» Goal of the exercise:
For this exercise, please return exactly the line containing "This pan organizer" and each line after it through the end of the records, with no pictures included.

The data section start

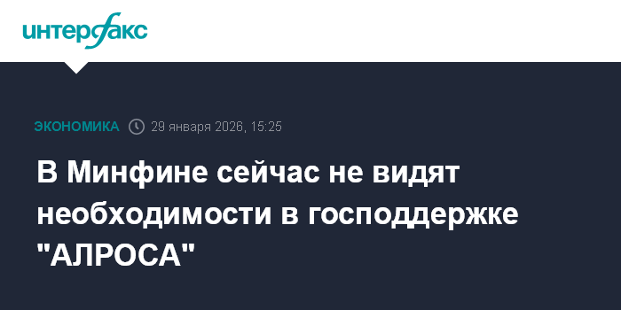 В Минфине сейчас не видят необходимости в господдержке "АЛРОСА"
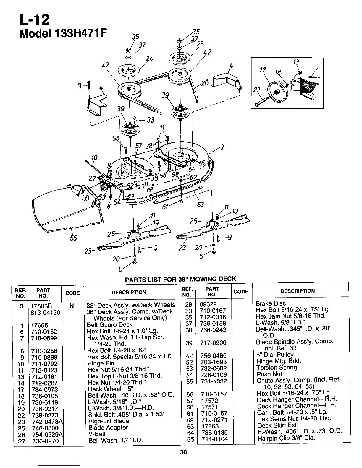 White L-12 - Parts List for 38 Mowing Deck
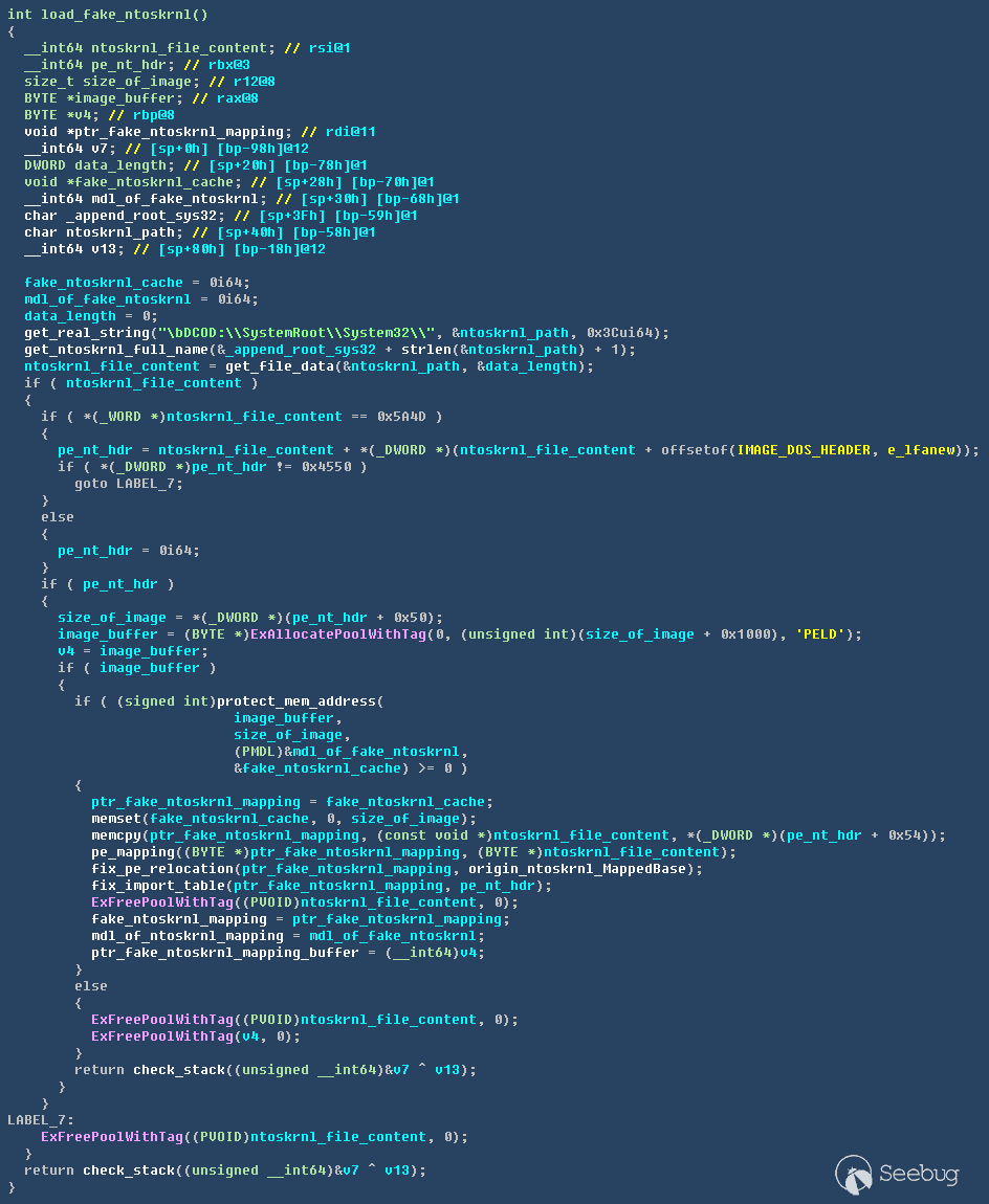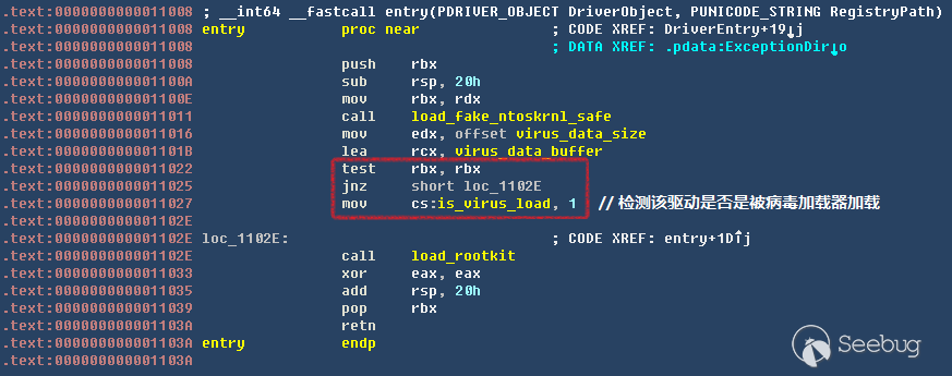 該部分代碼主要用于對抗安全軟件查殺和進行內核對抗。加載器功能代碼分為兩個部分,先會在內存中通過虛擬映射加載一個新的 ntoskrnl 鏡像,再通過相同的方式將真正的病毒驅動加載到內存中,并且將導入的 ntoskrnl 中的函數地址指向其虛擬加載的 ntoskrnl 鏡像中的函數地址上,通過此方法可以繞過其他驅動在 ntoskrnl 中設置的內核鉤子。全局變量 is_virus_load 是一個標記,通過傳入驅動主函數中的 RegistryPath 參數是否為 NULL 判斷是否為病毒通過虛擬映射方式加載。如下圖所示:
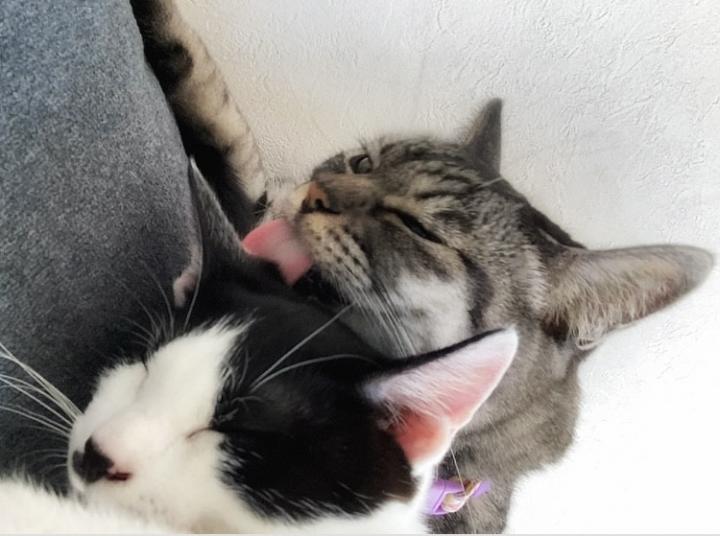お姉ちゃんが初めて毛繕いしてくれたよ🥰
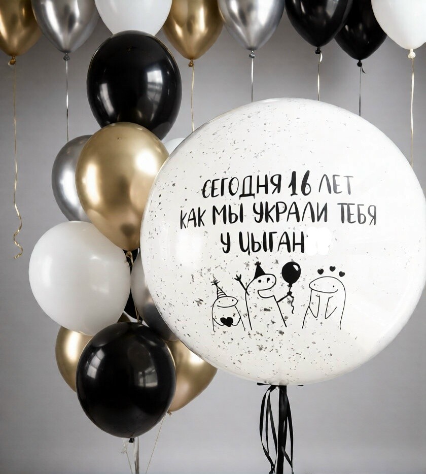 Фонтан из 10 шаров-1 штШар гигант с надписью" Сегодня 16 лет, как мы купили тебя у цыган.""Сегодня 16 лет, как мы нашли тебя в капусте""Сегодня 16 лет, как мы выкопали тебя вместе с картошкой"
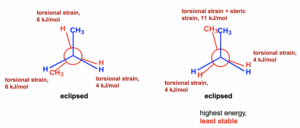 在两个重叠构象异构体 B 和 D 之间,D 比 B 更不稳定,因为两个 CH 3 基团在 D 中彼此重叠(重叠),从而导致扭转和空间应变。
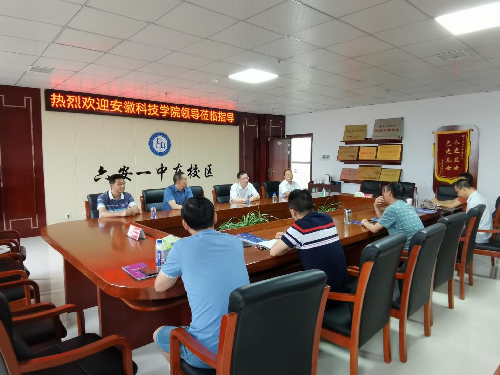 招生宣传工作组先后到访舒城县千人桥中学、舒城县桃溪中学、六安市毛坦厂中学、六安市金安高级中学、六安市新安中学、六安第二中学河西校区、六安第二中学、六安市城南中学、六安实验中学、六安一中东校区等多所中学,并与各高中学校校领导、年级组组长、高三班班主任等进行座谈。
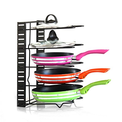 This pan organizer is designed for pan, lids, pots, griddles, splatter screens, and cooking utensils, Saving cabinet/countertop space and managing pans well.
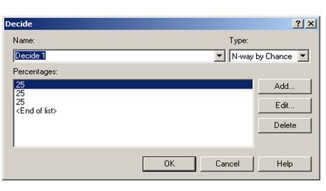 Далее транзакты следуют в модуль Decide под названием «decide».В этом блоке происходит определение, время или процент в ресурсе для транзакта.

The data section end

» Response:
 This pan organizer is designed for pan, lids, pots, griddles, splatter screens, and cooking utensils, Saving cabinet/countertop space and managing pans well.
 Далее транзакты следуют в модуль Decide под названием «decide».В этом блоке происходит определение, время или процент в ресурсе для транзакта.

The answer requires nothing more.